En plus de ce roman autour d’un personnage, c’est un roman qui brosse le portait des Etats-Unis des années 60-70 avec des pères qui ont fait la deuxième guerre mondiale, des jeunes qui subissent la guerre du Vietnam et la montée des mouvements hippies, un vrai tournant dans la société américaine.

Bien écrit et bien construit, on est touché par ce personnage hors norme qui semble presque avoir deux personnalités, à la fois « gendre idéal » et « personnalité borderline » et le roman le rend très bien.

 ma Best Elise

 chez Antigone

Les petites tempêtes : Valérie Chevalier

Quand j’ai commencé cette lecture j’avais un peu peur de tomber sur un roman à l’eau de rose mais je dois dire que j’ai plutôt été agréablement surprise.

On rencontre Raphaëlle alors qu’elle est adolescente et commence le lycée. Elle vit avec son père (sa mère les a quittés il y a des années) et elle fait la connaissance de Chanterelle, une ado indépendante et au caractère bien trempé qui va devenir sa meilleure amie et la complice de sa vie.

Ce roman est en fait un déroulé de la vie affective de Raphaëlle au fil de sa vie : ses relations fortes et pleine de bienveillance avec son père qui sait lui laisser sa liberté, son amitié indéfectible avec sa meilleure amie Chanterelle, ses choix professionnels quand elle va se lancer dans la vie d’artiste peintre et ses rencontres amoureuses plus ou moins sérieuses, plus ou moins sexuelles…

Elle va traverser des tempêtes, certaines petites, certaines plus grandes et aller de Monréal à Newberry aux Etats-Unis et passer plusieurs mois à Paris.

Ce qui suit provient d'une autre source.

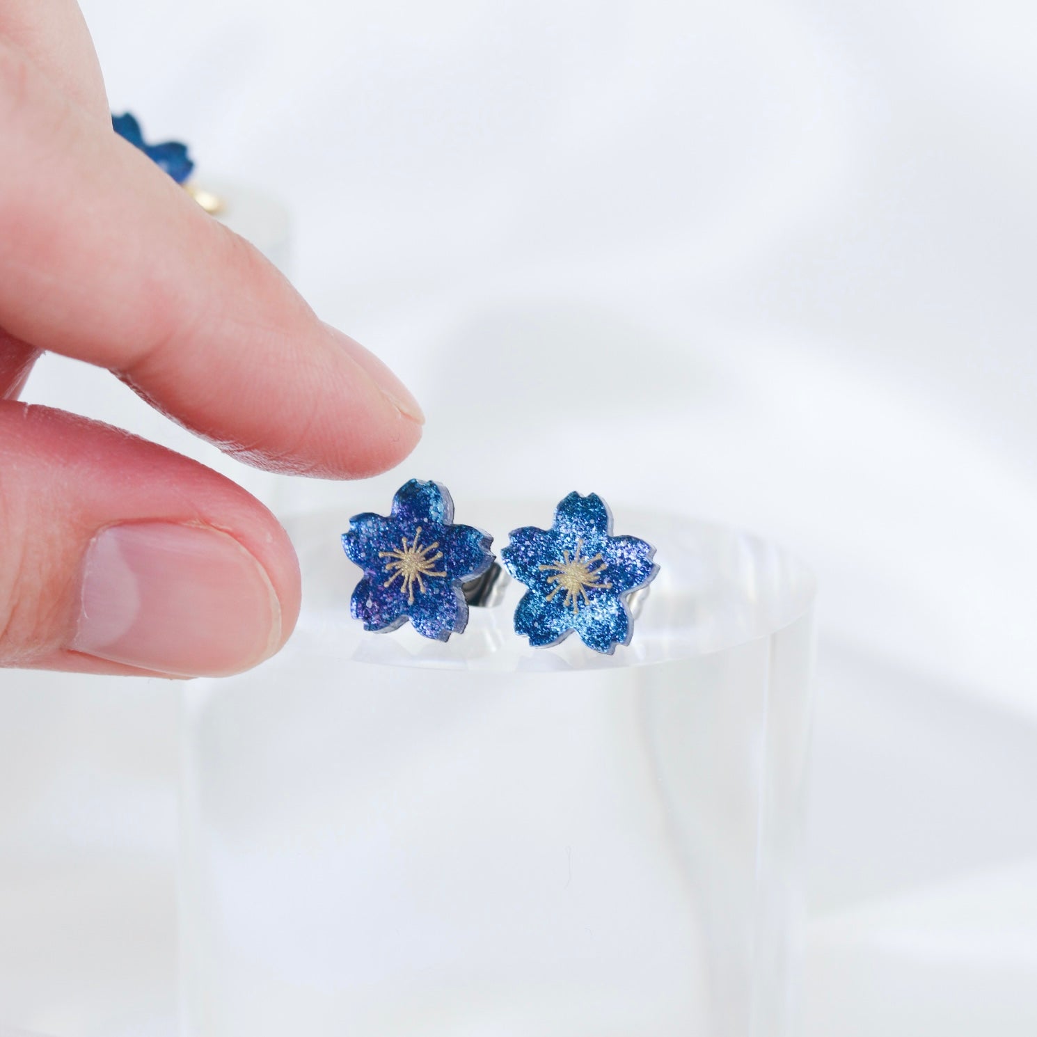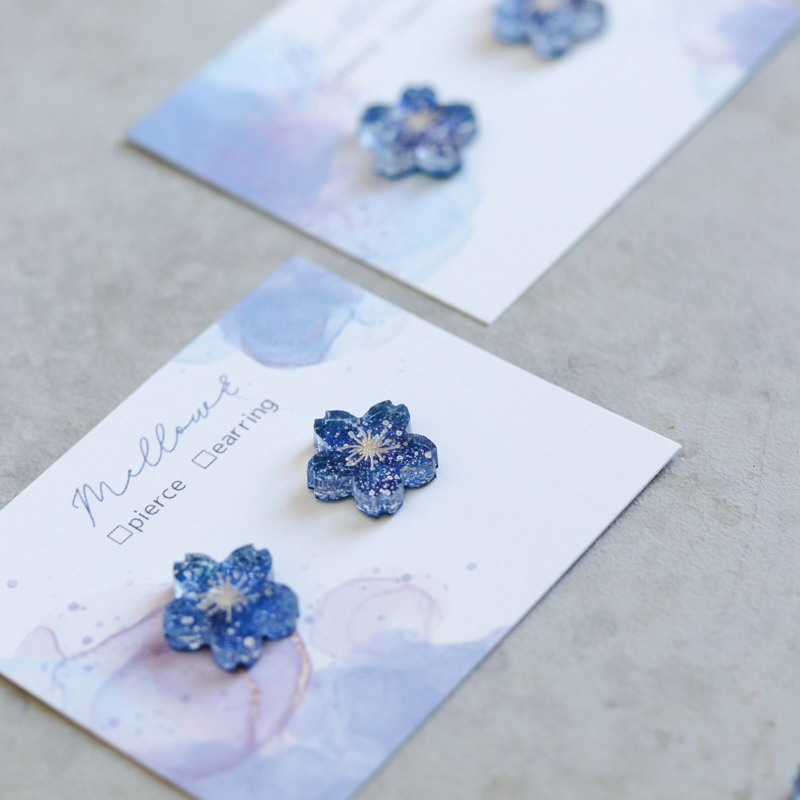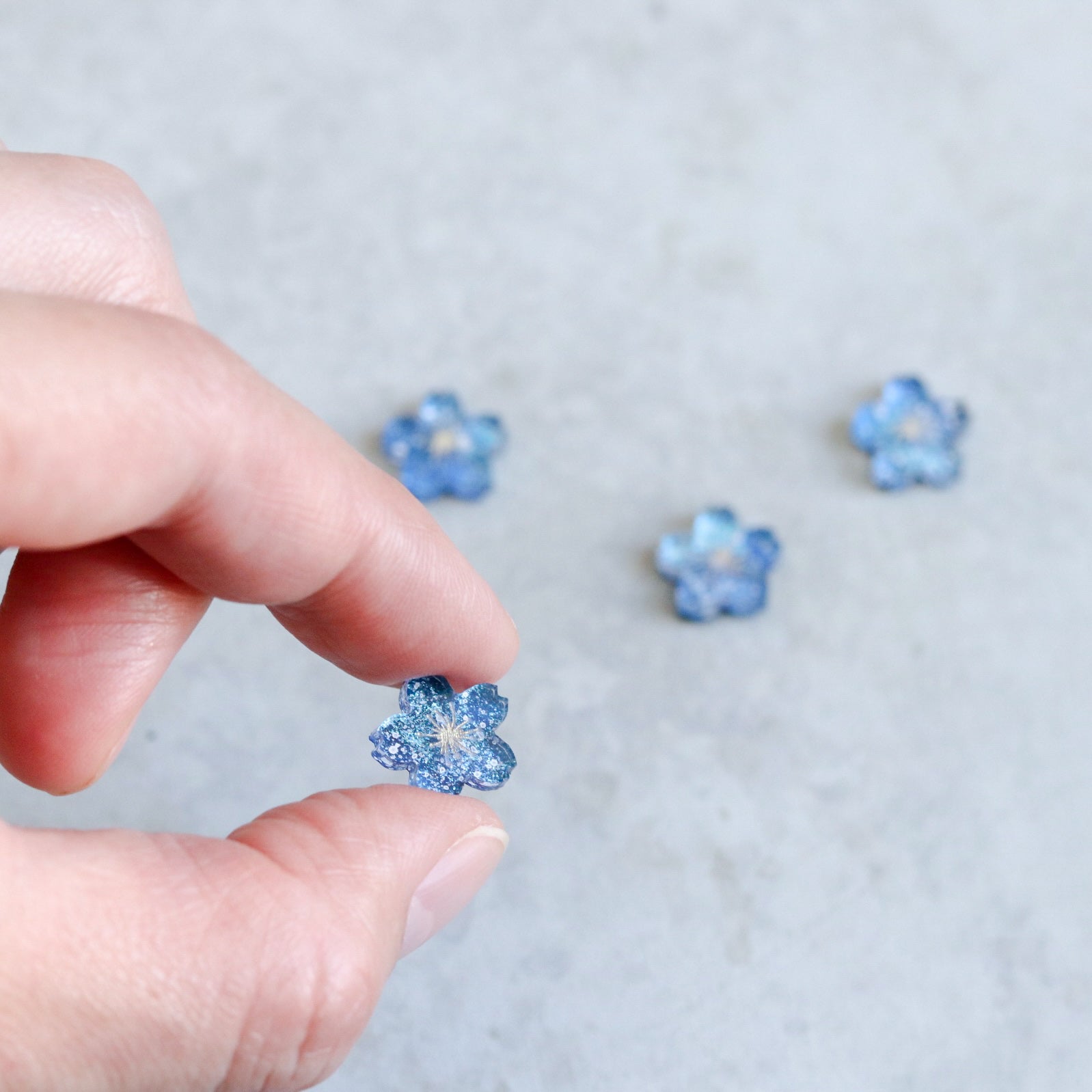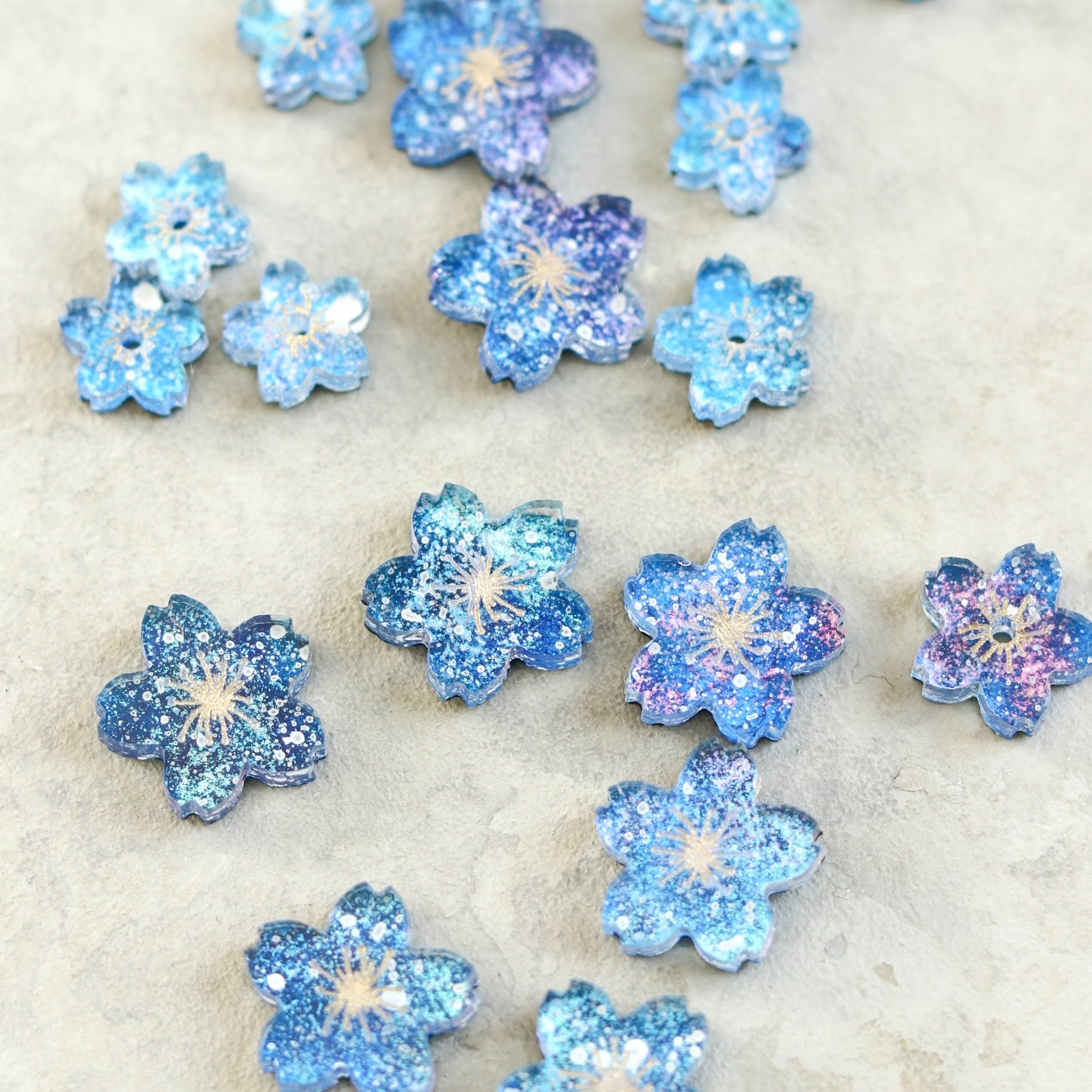 あの日見た、沖縄の満天の星。記憶を辿りながら、桜の形のアクリルパーツに5層ほど絵の具を重ね、うっとりするような星いっぱいの小さな夜空を描きました。

Ce que j’ai aimé dans ce roman c’est que l’auteur ne nous sert pas le « parfait amour » à longueur de pages. Au contraire, les relations amoureuses de Raphaëlle sont plutôt « normales », passagères et la construisent petit à petit. Les éléments essentiels à sa vie sont son père et son amie. Elle passe par des hauts er des bas comme chacun d’entre nous peut en connaître.

J’ai aussi aimé sa passion pour la peinture et la partie à Paris où sont évoqués les différences culturelles entre le Québec et la France!

Si vous souhaitez un moment de détente sans prise de tête, c’est un petit roman plutôt sympathique.

  chez Karine:) et  Yueyin

Manikanetish : Naomi Fontaine

L’an denier, j’avais eu un coup de coeur pour la version audio du premier roman de Naomi Fontaine : Kuessipan alors je savais que je lirai celui-ci quand j’ai vu qu’elle en avait écrit un autre. J’ai eu la chance de l’acheter lors de son passage au Festival Amercica.

Et c’est à nouveau un coup de coeur. Quelle plume! Cette jeune auteur écrit vraiment bien, tout en finesse, avec une certaine poésie pourtant tout à fait ancrée dans la réalité. Elle dit les choses d’une belle façon, tout sonne juste. C’est d’une belle fluidité.

L’auteur sait s’effacer derrière son texte et pourtant, le texte parle d’elle. Pas uniquement d’elle car elle parle du peuple Innu (anciennement connu sous le nom des Montagnards), de la vie à la réserve de Uashat mais aussi plus particulièrement des jeunes avec qui elle travaille. En peu de mots, elle sait tisser une communauté

On suit Yammie, toute jeune enseignante fraîchement diplômée qui décide de quitter Québec et son petit ami pour retourner à Uashat, sur la Côte-Nord pour prendre son premier poste à l’école Manikanetish (Petite Marguerite). Elle vient de cet endroit, elle y est née mais sa mère est partie à Québec avec elle quand elle avait 7 ans et elle est dans une position particulière de celle qui EST Innue mais qui n’a pas vécu au sein de la communauté. Son retour pour y enseigner est autant pour elle le besoin de transmettre que d’apprendre de ceux qu’elle va côtoyer.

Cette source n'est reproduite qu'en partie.